AARDs are rare in adults and often the result of high-energy trauma.⁸ The small number of cases described in the literature may be attributable to the lethality of injuries producing traumatic AARDs. Mazzara and Fielding⁹ have showed that the relative atlantoaxial rotation beyond 63° results in narrowing of the spinal canal and neural injury. However, cases have been described as a result of seizure,¹⁰ Grisel syndrome,¹¹ and cervical dystonia.¹² Diagnosis of AARD is often delayed as a result of its uncommon occurrence and subtle findings on conventional x-rays.^4,13 Unilateral atlantoaxial subluxations are possible with a ruptured TAL. The TAL is intact in bilateral subluxations. On a lateral view, the rotational dislocation of the atlas leads to an elliptical appearance of the arch. An eccentric position of the odontoid process will be seen on true anterior-posterior view on plain radiographs. In a patient with persistent posttraumatic torticollis, a high index of suspicion of AARD must be maintained. A 3-dimensional CT scan must be performed to diagnose and classify the dislocation and evaluate C0-1 and C1-2 joints.^2,14 An MRI scan is needed to evaluate transverse and alar ligaments, the articular facets, and periarticular edema. CT or MR angiography is needed to evaluate the exact status of vertebral arteries.
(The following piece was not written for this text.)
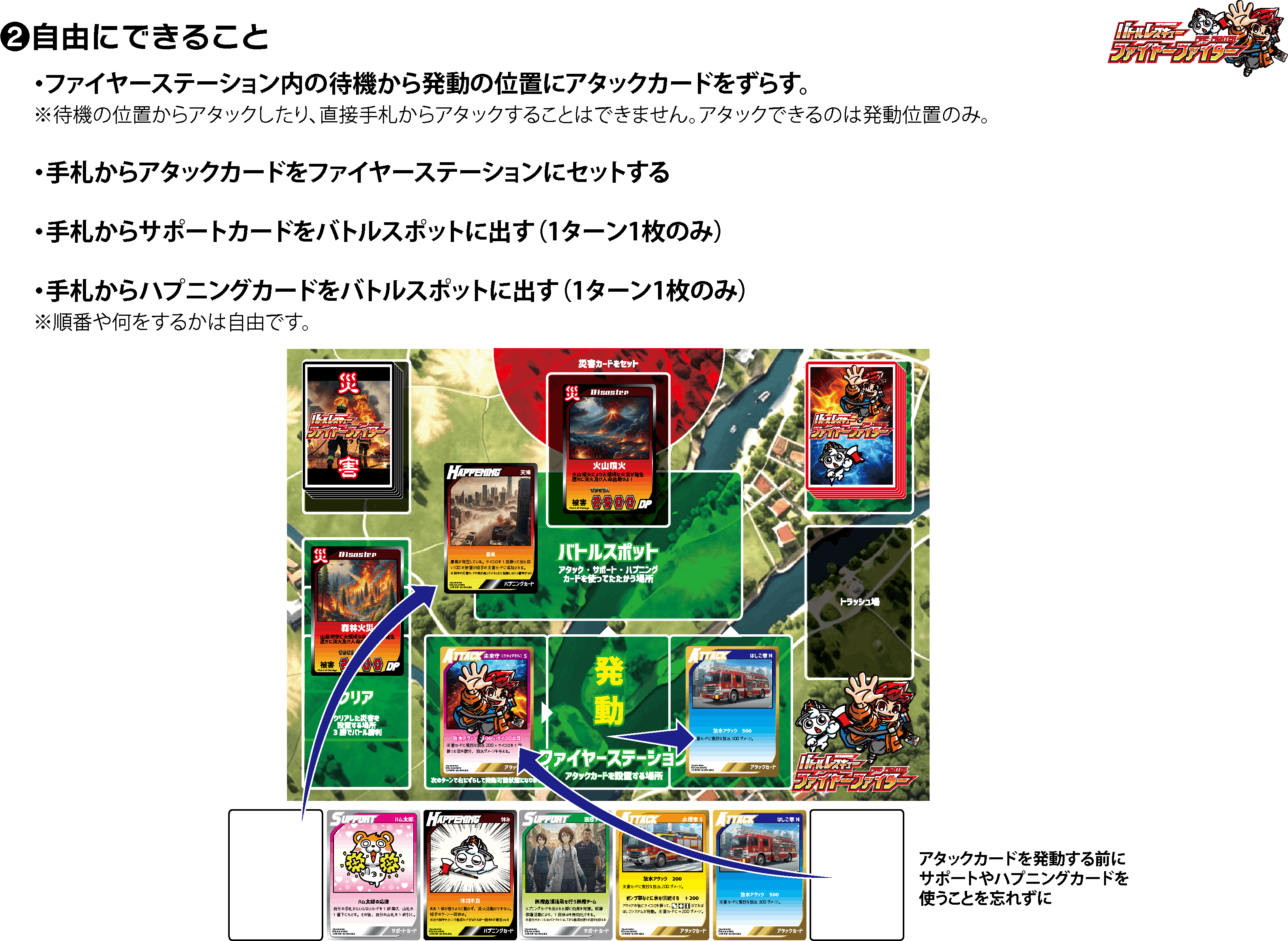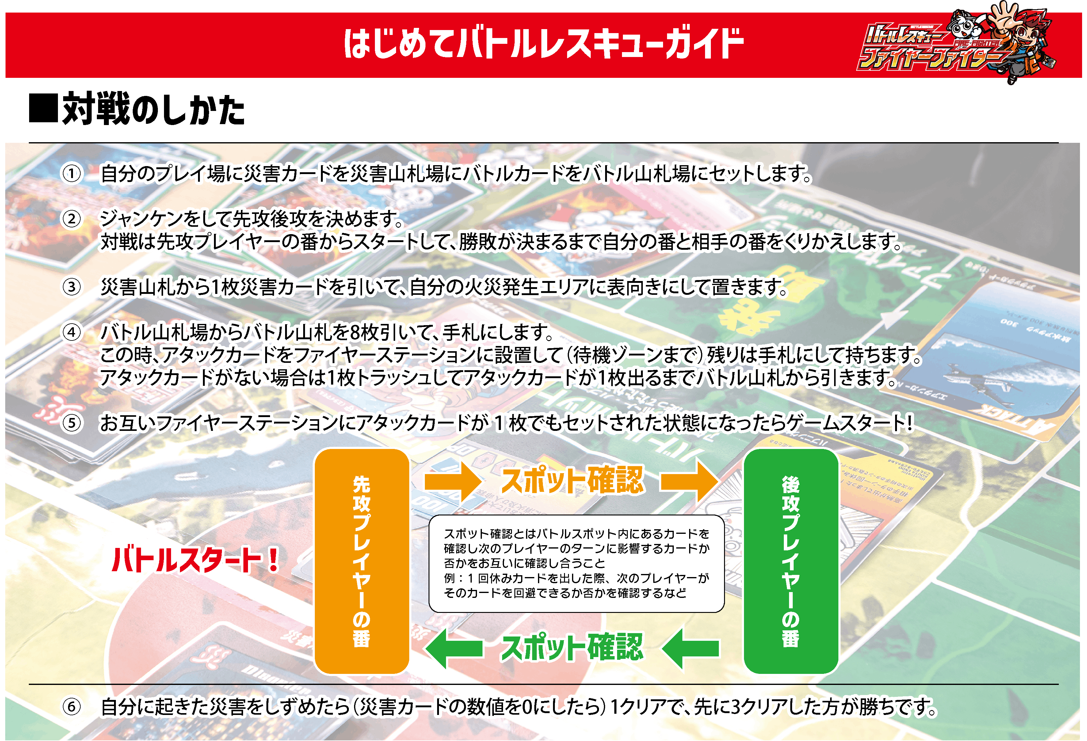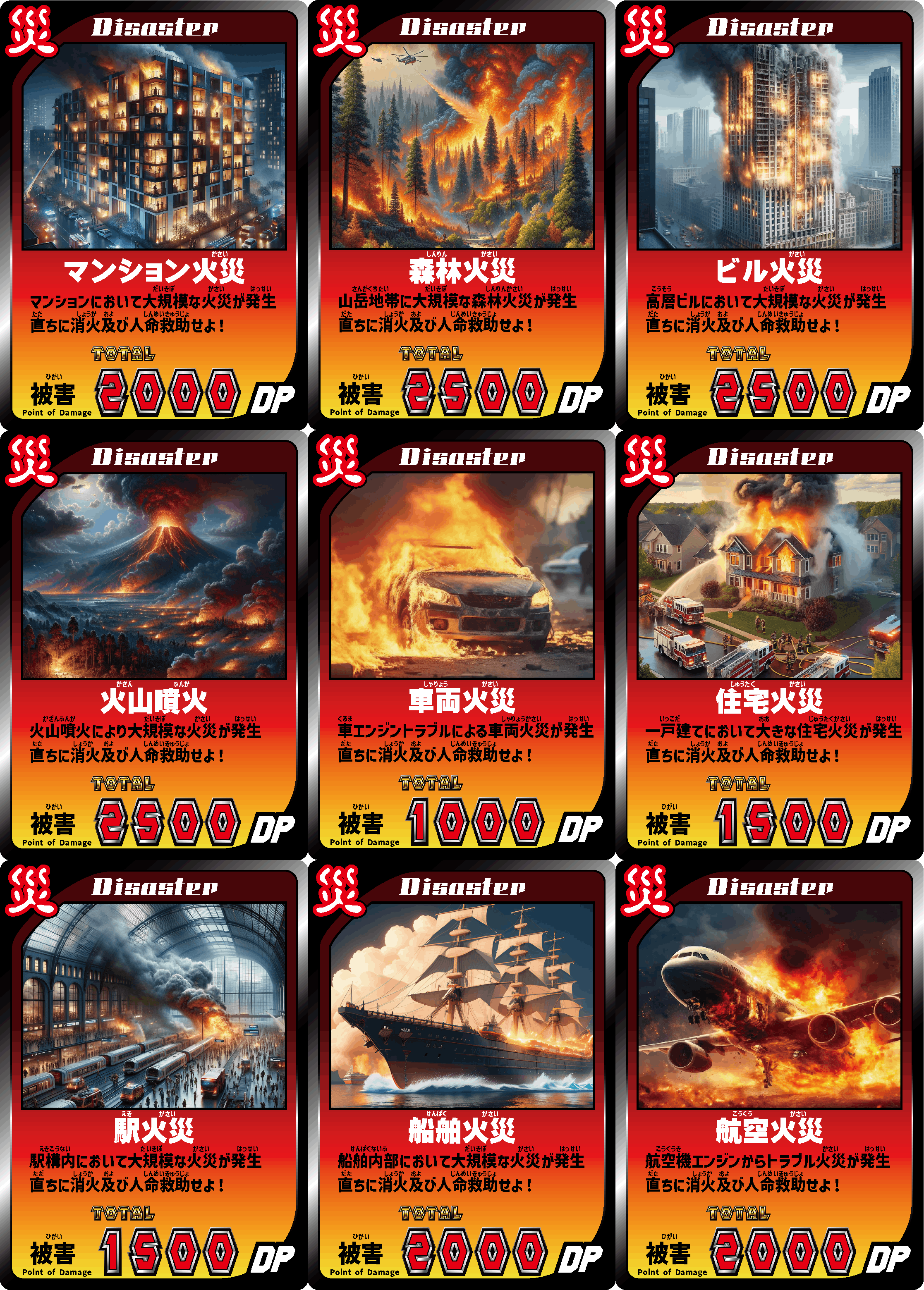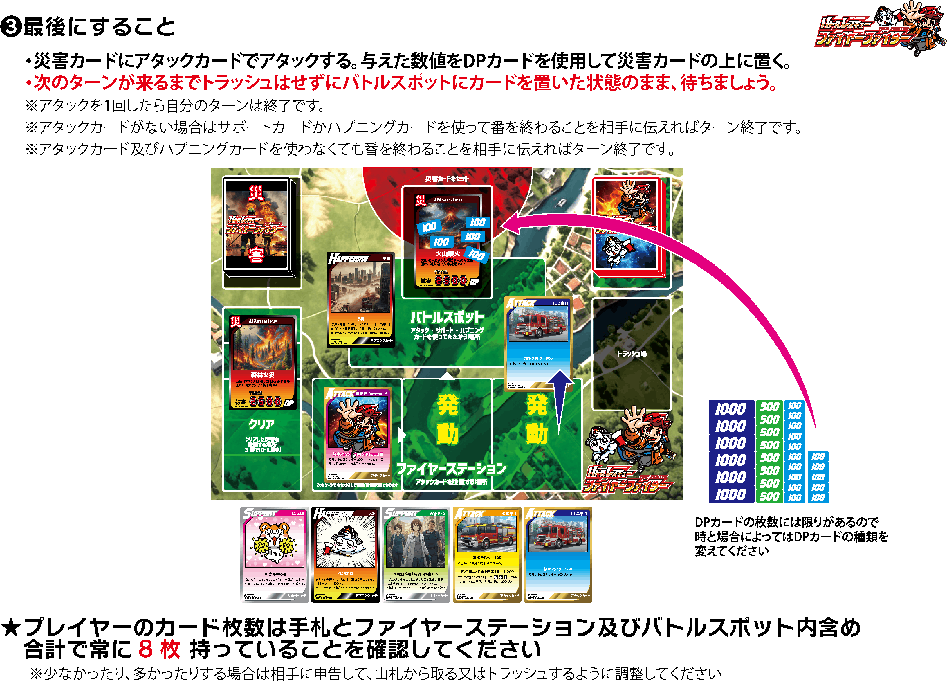 以上、災害カード9枚とバトルカードの枚数合計50枚を使用して、対戦します。

Most cases of adult posttraumatic AARD have been managed nonoperatively,^8,15–22 although 2 cases having associated odontoid fractures^23,24 and 1 having articular facet fracture²⁵ were managed with open reduction and posterior fixation. For irreducible AARD, open reduction and fixation may become mandatory. Many surgical approaches have been described for the treatment of AARDs. The posterior approach with the Harms fixation is the gold standard in fixed luxations, achieving a complete realignment and a correct stabilization. It allows intraoperative manipulation and reduction. Other authors²⁶ have described reduction and fixation using extreme lateral approach. Weißkopf et al²⁷ have used transoral reduction followed by temporary transoral fixation or definitive fusion in their series of pediatric and adult AARD.
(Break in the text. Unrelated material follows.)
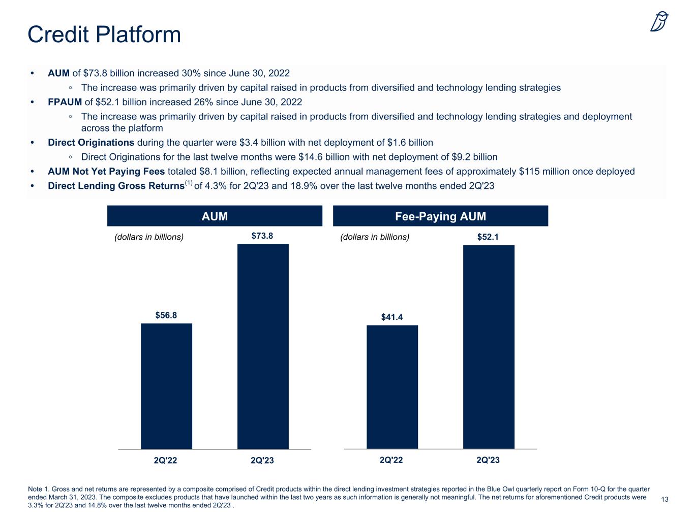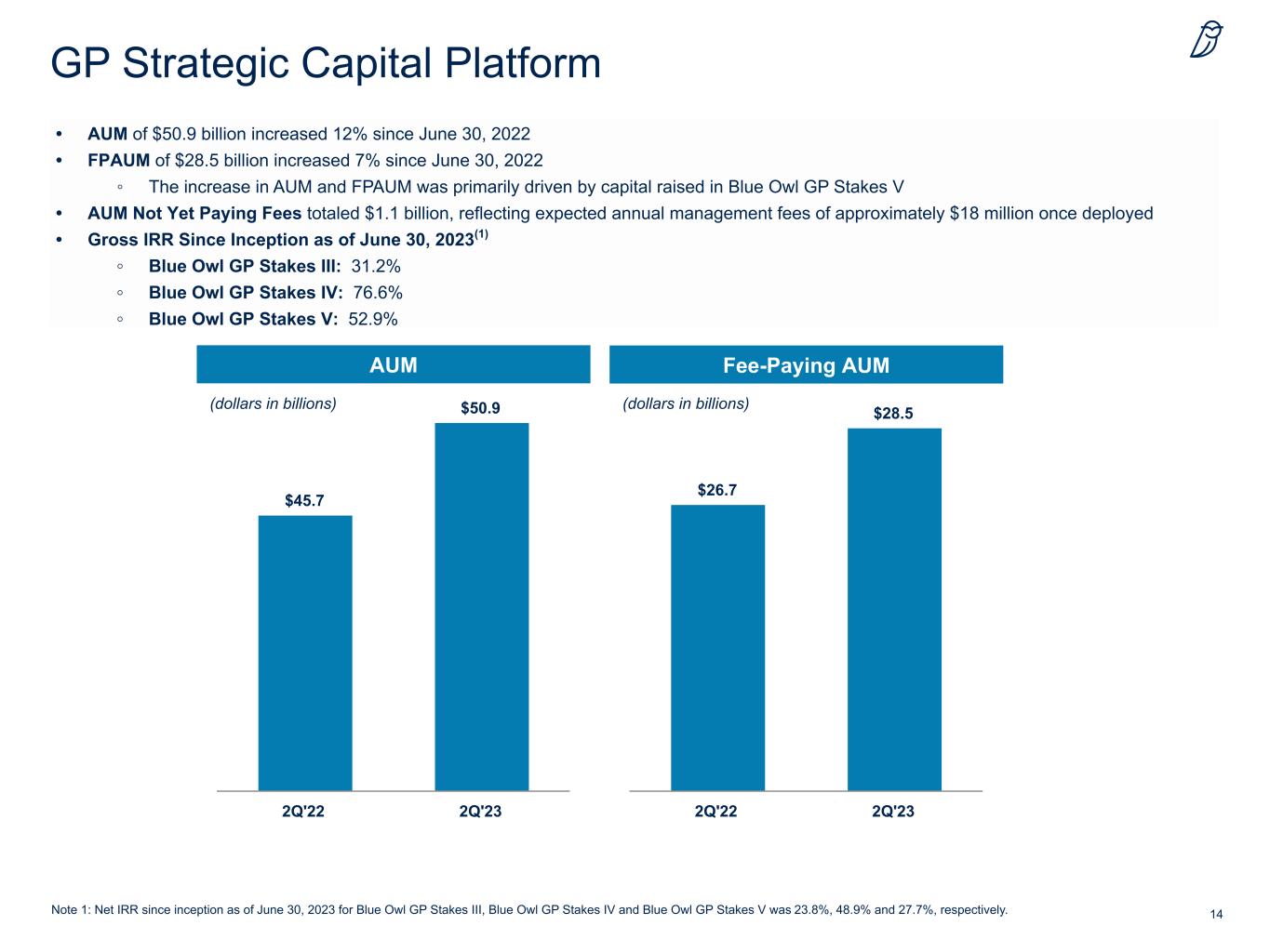 13 Credit Platform • AUM of $73.8 billion increased 30% since June 30, 2022 ◦ The increase was primarily driven by capital raised in products from diversified and technology lending strategies • FPAUM of $52.1 billion increased 26% since June 30, 2022 ◦ The increase was primarily driven by capital raised in products from diversified and technology lending strategies and deployment across the platform • Direct Originations during the quarter were $3.4 billion with net deployment of $1.6 billion ◦ Direct Originations for the last twelve months were $14.6 billion with net deployment of $9.2 billion • AUM Not Yet Paying Fees totaled $8.1 billion, reflecting expected annual management fees of approximately $115 million once deployed • Direct Lending Gross Returns(1) of 4.3% for 2Q'23 and 18.9% over the last twelve months ended 2Q'23 AUM (dollars in billions) (dollars in billions) Fee-Paying AUM Note 1. Gross and net returns are represented by a composite comprised of Credit products within the direct lending investment strategies reported in the Blue Owl quarterly report on Form 10-Q for the quarter ended March 31, 2023. The composite excludes products that have launched within the last two years as such information is generally not meaningful. The net returns for aforementioned Credit products were 3.3% for 2Q'23 and 14.8% over the last twelve months ended 2Q'23 . $56.8 $73.8 2Q'22 2Q'23 $41.4 $52.1 2Q'22 2Q'23

A delay in reduction of more than 1 month in adults results in more difficult intraoperative reduction and could have clinical consequences. In our patient, the delay in reduction and the cervical muscle spasm caused permanent changes that set the fixation. It would explain the failure of conservative treatment. Goel et al²⁸ have discussed the detrimental effects of a delayed diagnosis of AARD and the success of facetal manipulation, distraction, and realignment with fixation under surgical vision in the same. The abnormal degree of atlantoaxial rotation in our case and the failure of the initial conservative approach to the same, necessitated the surgical intervention.

Weißkopf et al²⁷ showed that when fixation between C1 and C2 is demonstrated, the success rate of conservative treatment decreases in proportion to the delay in treatment. In our case, too, the delay in diagnosis and treatment necessitated the need for operative intervention. Unless the CT imaging demonstrates fusion between the subluxated elements, a posterior approach for operative reduction and stabilization of the deformity is fairly simple and straightforward. The sacrifice of the stretched C2 root is often necessary for access to the luxated atlantoaxial joints. Possibly, the demonstration of a perched C1 facet may predict the failure of conservative management and attempts at closed reduction.

CONCLUSION

Atlantoaxial rotatory dislocations are rare in adults. Early diagnosis and treatment can allow closed reduction and bracing as an optimal treatment. High success rates have been reported with conservative therapy in patients with promptly diagnosed, stable, rotatory atlantoaxial dislocation not associated with transverse ligament disruption. When reduction is not possible, it is advisable to perform surgery as soon as possible to reduce the dislocation and stabilize the joint. Delay in treatment is associated with worse outcome and permanent changes in muscle and ligaments. We would like to stress the importance of evaluation of posttraumatic torticollis in adults by specialists and maintaining a high index of suspicion for AARD.